ITALYAL'Isola della Rugiada Divina


Gli israeliani sono maleducati?

Articolo apparso sul New York Times il 25 Giugno 1995 e tradotto sull'Internazionale dell'11 Agosto 1995.

(Molti sostengono che l'argomento non fa proprio ridere e quindi non va inserito sotto "humor")

La compagnia dei telefoni israeliana, Bezeq, ha deciso che gli israeliani devono diventare piu' educati al telefono. Bella notizia starete pensando: gli israeliani possono essere maleducati. Una vera scoperta dell'acqua calda.

Ma Bezeq fa sul serio. La compagnia sostiene che la mancanza della piu' elementare cortesia e' diventata un problema, soprattutto con la rapida proliferazione dei telefoni cellulari e la tendenza israeliana a portarseli dietro - e a urlarci dentro - ovunque. Quando ha scoperto che c'era addirittura chi chiaccherava lungo le tombe durante i funerali, Bezeq ha capito che la cosa era andata troppo oltre.

Nell'ultima bolletta spedita ai suoi abbonati (sono 1 milione e 800 mila), Bezeq ha quindi deciso di avviare una offensiva di cortesia. Ha allegato un opuscolo stampato a colori vivaci pieno di illustrazioni e suggerimenti di "galateo della comunicazione".

Spegnere i telefonini durante i funerali ed i concerti. Quando si chiama, non chiedere "Chi parla?".

Molti di questi consigli possono sembrare una questione di semplice buon senso, ma per gli israeliani comportano una vera e propria rivoluzione di comportamento.

Eppure, Bezeq non ha nemmeno menzionato un tipo di conversazione tra le piu' comuni in questo paese. Eccola:

"Pronto!" dice la persona che risponde al telefono.
"Yossi?"
"No, mi dispiace, deve aver sbagliato num..."
"SLAM!"

Gli uomini d'affari e i diplomatici cominciano a rendersi conto di dover cambiare i loro modi, avendo riconosciuto che molti stranieri considerano l'espressione "buone maniere israeliane" un ossimoro.

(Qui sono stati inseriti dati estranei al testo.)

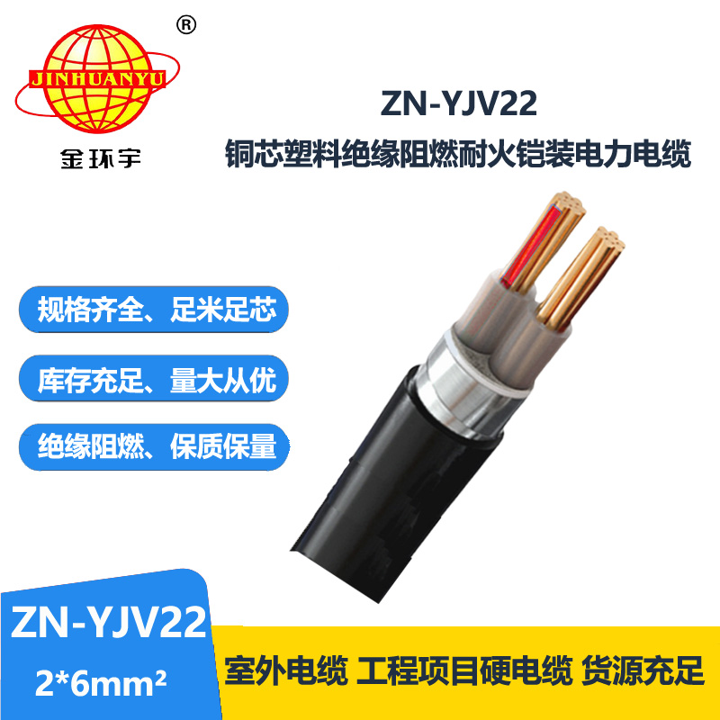 金環(huán)宇電纜 阻燃耐火電線電纜yjv22鎧裝電力電纜ZN-YJV22-2X6 足米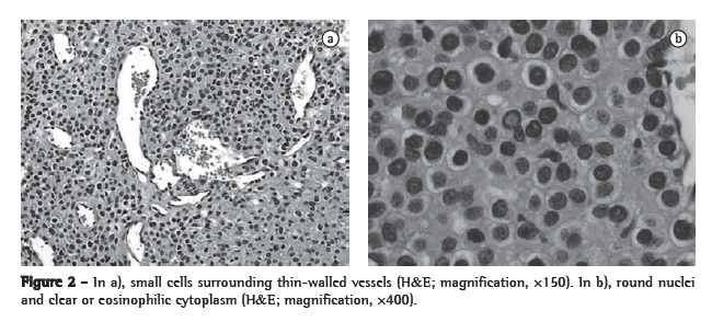 The pathological examination of the resected piece revealed a polypoid tumor in the right upper lobe bronchus, measuring 1.7 × 1.0 cm. The microscopic examination revealed a tumor formed by thin-walled vessels surrounded by small cells with round nuclei and clear or eosinophilic cytoplasm (Figures 2a and 2b). The resection margins were tumor-free. Immunohistochemical analysis showed the cells to be positive for smooth muscle actin (1A4) and neuron-specific enolase (NSE). Tests for cytokeratin (AE1/AE3 and CAM 5.2), chromogranin, thyroid transcription factor-1 (TTF-1) and S100 protein were negative. The final diagnosis was bronchial glomus tumor. There was no recurrence during the 14 months of follow-up.

Dopo tutto, questo e' un paese in cui la parola "grazie" non muove mai le labbra dei commessi dei negozi; in cui la gente si intromette nelle conversazioni altrui; in cui si dichiara apertamente al proprio interlocutore che ha detto una sciocchezza e gli si chiede senza problemi quanto guadagna (d'altra parte, gli israeliani sono spesso sconvolti dagli americani dell'era dei talk show che non parlerebbero mai del loro stipendio, ma che sono capaci di discettare in pubblico dei particolari piu' intimi della propria vita sessuale).

Una parte del problema e' data dal fatto che un comportamento considerato dagli stranieri privo di tatto o maleducato, viene visto invece dagli israeliani come semplicemente diretto o franco. Prendiamo per esempio l'abitudine di interrompere una persona che sta parlando nel bel mezzo di una frase.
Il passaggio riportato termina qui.